Some WAIS servers support stemming, which reduces every word in a query to its word stem. For example, stemming would treat computer, computing, and computers identically, with the stem comput.
It is important to understand that the rankings or scores that WAIS generates for documents are just approximations or guesses at what you really want. Technically, they may match on a certain number of words, but those words might be used in different contexts, so that the document with the highest score might not be useful at all. For example, searching on a question like Why is the sky blue? might bring poetry with those words in one stanza or information about the University of Michigan's Blue Skies Gopher project but nothing that answers the question. Basically, computers still can't think like a human being can. But using indexes is still better than going out and looking for each document. To use a sports analogy, think of computer searching as getting you into the ballpark but not playing the game for you.
The key to WAIS is that by using a powerful search algorithm, it locates and orders documents that match your query, but it doesn't guarantee their utility to your needs.

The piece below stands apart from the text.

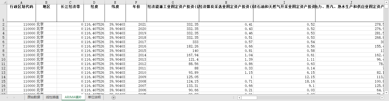 含原始数据、线性插值、ARIMA填补三个页签,其中ARIMA填补无缺失值。

Fielded searching gives you the ability to search for certain information, such as author or publisher or company. So if you are looking for information about publishing on the Internet, you would prefer to find the words publishing on the Internet in the title of a document instead of scattered throughout the text. When you use fielded searching, a document does not receive a high ranking because it has each of those words individually in its text but because it has those words in its title. Obviously, a better choice.
The selection among WAIS servers is not nearly as ample as it is for Gopher and WWW.
Thinking Machines gave the original WAIS program to the public domain. It was supported for a while by the Clearinghouse for Networked Information Discovery and Retrieval (CNIDR) <http://cnidr.org/welcome.cnidr.html>. The CNIDR version (freeWAIS 0.3) has Boolean searching and stemming, and the source code is available for other programmers to modify, but it does not offer structured fields and has many bugs that haven't been fixed. CNIDR has switched its development efforts to ZDist, which is based directly on the newer Z39.50-1992 standard. FreeWAIS 0.3 is available at <ftp://ftp.cnidr.org/pub/NIDR.tools/freewais/>.
The sf in freeWais-sf stands for structured fields. FreeWAIS-sf is a UNIX-based WAIS server that builds on the freeWAIS code to provide the ability to search structured fields (including text, date, and numbers) as well as full text. This means that you can search traditional bibliographic citations, which include title, author, and publisher, by those fields. Such a search for James Bond in the title would turn up only those titles in which the words James Bond appears, not all articles or martini recipes that mention James Bond. Or you could restrict your search to only those items published after a particular date.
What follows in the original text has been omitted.